» Problem to work on
When you reach the line with "Young visitors using", transcribe it and each line after it through the last one below, exactly. Pictures stay out.

» Records
━━━━

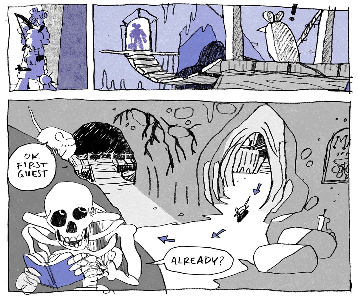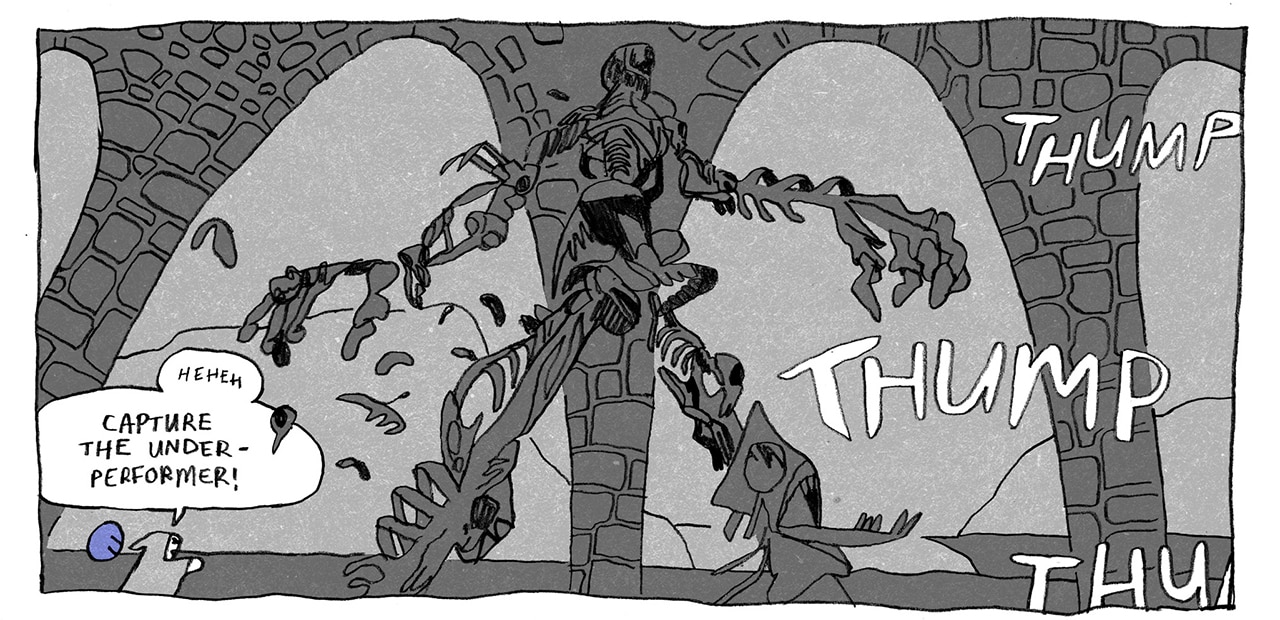 They’ve been doing this job for hundreds of years, and the time has finally come for them to meet the necromancer who manages the dungeon for a dreaded performance review. The dungeon master is as banally evil as any boss, and he’s not the least bit interested in the welfare of his workers. When he reveals the retirement plan he envisions for the skeleton, it becomes clear that they will never get any rest or reward for their employment, not even in (a second) death.
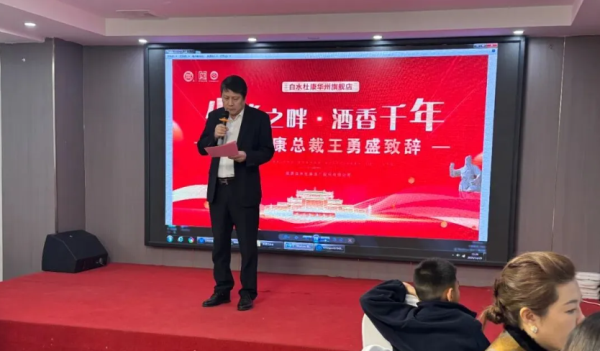 集團總裁王勇盛總結發言,王總從品牌戰略高度闡述了陜西白水杜康立足陜西、輻射全國的發展布局,并強調華州區旗艦店開業是品牌深化區域市場、服務本地消費者的重要一步。
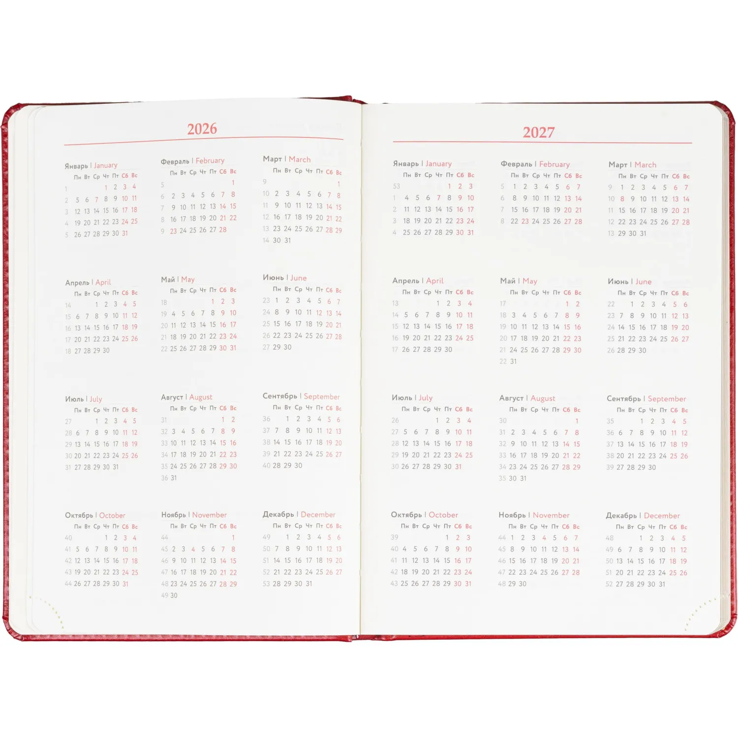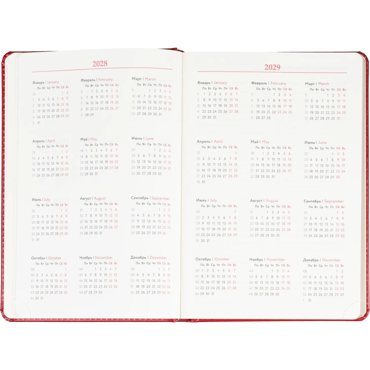 Размер ежедневника составляет 14.5×21.5 см. Внутри размещён календарь на два года. Модель подходит под персонализацию.
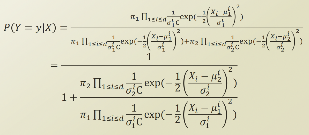물론, Bayes theorem 에 의해 성립이 되긴 하지만, $f_{NB}(x) = argmax_{Y=y} P(Y=y)\prod_{1 \leq i \leq d} P(X_i = x_i | Y = y)$ 형태, 여기서도 Gaussian 가정이 가미 된 아래 형태에서
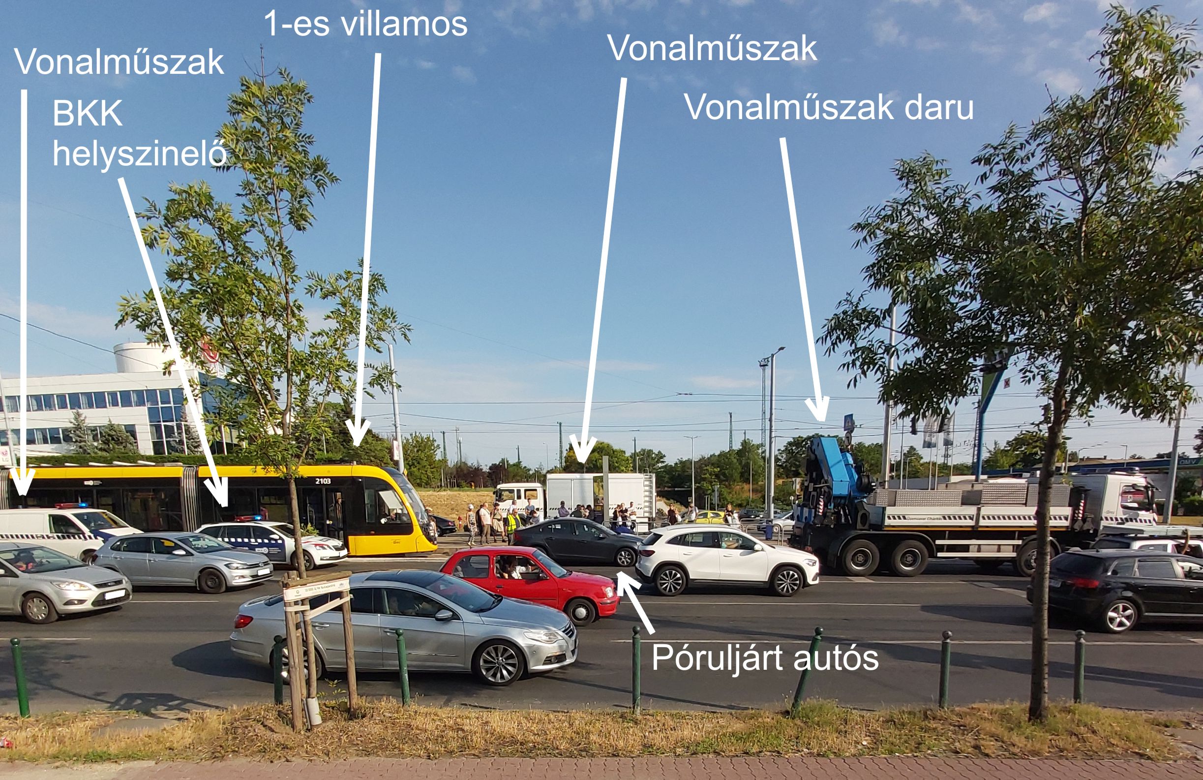 Elsőnek a BKK ügyeletes érkezett, majd a citrompótlók és végül a teljes villamos vonalműszak-nehézlovasság három gépjárművel.
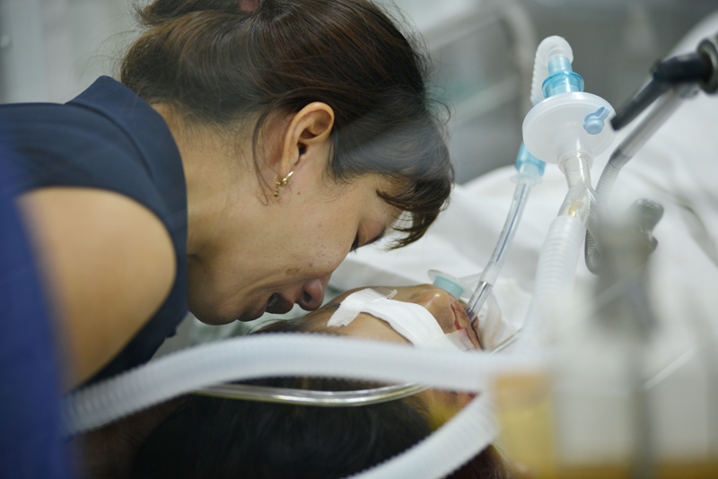 Vợ trân người khóc lặng bên chồng bị TNGT nghiêm trọng.
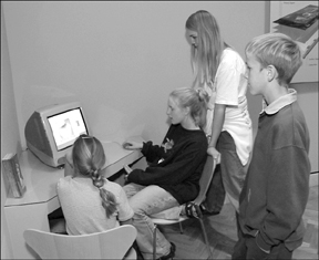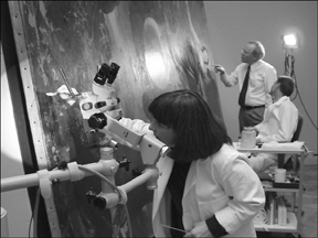 Young visitors using the "Restoration Online" internet kiosk For most of the conservation treatment the painting was placed on a large movable easel in the center of the partitioned conservation space. Special lighting was installed and a power lift was used to assist the conservators in working on the huge painting. A small railing was installed to keep the visitors at a safe distance while allowing them to be close enough to view the detailed work of the conservators and ask them questions. Gallery benches were placed on the public side of the railing to allow visitors to sit comfortably while observing the progress of the restoration. Museum docents and volunteers were stationed in the gallery during heavy traffic periods to assist the conservators in answering the many questions posed by the visitors.
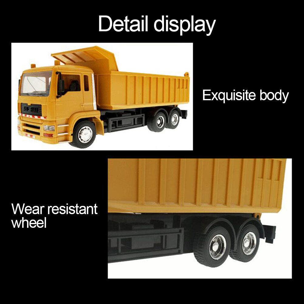 Bafada【Ready Stock】8-Channel USB charging RC cars RC Dump Truck 2.4Ghz Remote Control RC Construction Vehicle Toys for children boys Xmas birthday gifts yellow color RC Engineering truck model Beach t

━━━━

» Task output
 Young visitors using the "Restoration Online" internet kiosk For most of the conservation treatment the painting was placed on a large movable easel in the center of the partitioned conservation space. Special lighting was installed and a power lift was used to assist the conservators in working on the huge painting. A small railing was installed to keep the visitors at a safe distance while allowing them to be close enough to view the detailed work of the conservators and ask them questions. Gallery benches were placed on the public side of the railing to allow visitors to sit comfortably while observing the progress of the restoration. Museum docents and volunteers were stationed in the gallery during heavy traffic periods to assist the conservators in answering the many questions posed by the visitors.
 Bafada【Ready Stock】8-Channel USB charging RC cars RC Dump Truck 2.4Ghz Remote Control RC Construction Vehicle Toys for children boys Xmas birthday gifts yellow color RC Engineering truck model Beach t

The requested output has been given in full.